Xie Jianhua (谢建华; born October 1953) is a major general in the People's Liberation Army of China who served as political commissar of the Tianjin Garrison Command from 2007 to 2012. He was a delegate to the 11th and 12th National People's Congress.

== Biography ==
Xie was born in Huang County, Shandong, in October 1953, and graduated from the People's Liberation Army National Defense University. He secondary studied at Jurong County High School.

Xie enlisted in the People's Liberation Army (PLA) in December 1969, and joined the Chinese Communist Party (CCP) in January 1971. Starting in December 1969, he served in several posts in the Nanjing Military Region, including officer of the Political Division of Organization Department, secretary of the Political Department Office, and director of the Secretariat of the Political Department Office.

In April 1990, Xie was transferred to the General Political Department of the People's Liberation Army, where he was secretary for General Yu Yongbo between April 1993 and February 1996.

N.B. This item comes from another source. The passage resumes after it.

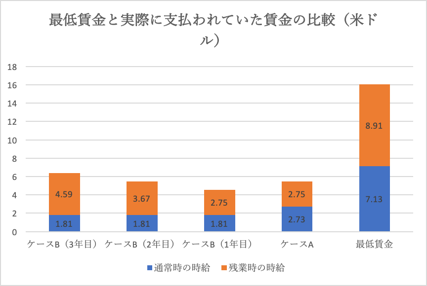 家賃と食費が引かれる前の月給は60,000円 (約551米ドル)で、それらが控除された手取りは月24,000円 (約220米ドル) だった。普段は朝8時30分から仕事がはじまり、12時に昼食休憩があった。しかしながら、注文が多い際は昼食休憩が20分とされた。昼食後は夕方5時30分まで働き、夕食休憩があった。忙しくない際は、3時に10分間の休憩が与えられた。夕食休憩は、冒頭で紹介したメイと同じく、30分しか与えられなかった。そして、6時半[MI1] から更に残業を行った。注文の量によって変化するが、夜11時や深夜1時まで働くこともあった。技能実習生だけ、遅いときには朝3時まで働かせられた。残業代は1年目が時給300円、2年目が時給400円、3年目が時給500円とされた。

Xie was chosen as director of the Political Department of the Tianjin Garrison Command in July 1998, and served until March 2022, when he was made deputy political commissar of the 38th Group Army (now 82nd Group Army). He attained the rank of major general (shaojiang) in July 2000. He was recalled to Tianjin Garrison Command in November 2007 and appointed political commissar. In January 2010, he was admitted to standing committee member of the CCP Tianjin Municipal Committee, the city's top authority.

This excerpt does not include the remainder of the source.